Du fait de la nature religieuse donnée à l’Art, la création artistique apparaît souvent chez Baudelaire comme un véritable combat. «L’étude du beau est un duel où l’artiste crie de frayeur avant d’être vaincu», note-t-il dans Le Confiteor de l’artiste (Petits poèmes en prose). Tiré de ce même recueil, l’apologue ci-dessous vous permettra de caractériser la hauteur de l’enjeu mis sur la création poétique :
Le Fou et la Vénus
Quelle admirable journée ! Le vaste parc se pâme sous l’œil brûlant du soleil, comme la jeunesse sous la domination de l’amour. L’extase universelle des choses ne s’exprime par aucun bruit; les eaux elles-mêmes sont comme endormies. Bien différentes des fêtes humaines, c’est ici une orgie silencieuse.
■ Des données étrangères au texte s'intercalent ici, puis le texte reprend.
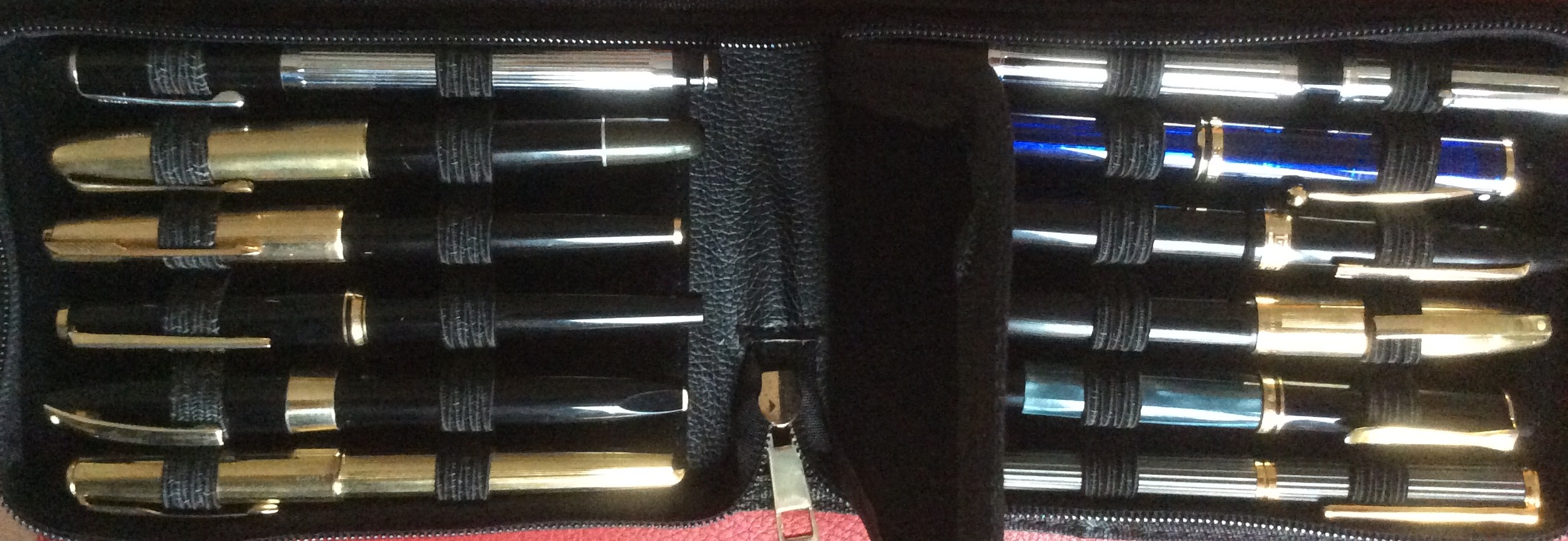 Attualmente le penne che utilizzo o caricate sono: Wahl eversharp Skyline, Aurora 88 prima serie, Minerva 60, Pelikan 120, Noodler's Boston Safety Pen, Kaweco Sport moderna, Sheaffer Imperial 330, Aurora 98, Aurora Marco Polo, Parker 51, tutte caricate con inchiostro Pelikan Blue Royal 4001; tranne una Hero 616 jumbo caricata con inchiostro MontBlanc Burgundy Red.

On dirait qu’une lumière toujours croissante fait de plus en plus étinceler les objets ; que les fleurs excitées brûlent du désir de rivaliser avec l’azur du ciel par l’énergie de leurs couleurs, et que la chaleur, rendant visibles les parfums, les fait monter vers l’astre, comme des fumées. Cependant, dans cette jouissance universelle, j’ai aperçu un être affligé. Aux pieds d’une colossale Vénus, un de ces fous artificiels, un de ces bouffons volontaires chargés de faire rire les rois quand le remords ou l’ennui les obsède, affublé d’un costume éclatant et ridicule, coiffé de cornes et de sornettes, tout ramassé contre le piédestal, lève des yeux pleins de larmes vers l’immortelle déesse. Et ses yeux disent : « Je suis le dernier et le plus solitaire des humains, privé d’amour et d’amitié, et bien inférieur en cela au plus imparfait des animaux. Cependant je suis fait, moi aussi, pour comprendre et sentir l’immortelle beauté ! Ah ! déesse ! Ayez pitié de ma tristesse et de mon délire. » Mais l’implacable Vénus regarde au loin je ne sais quoi avec ses yeux de marbre.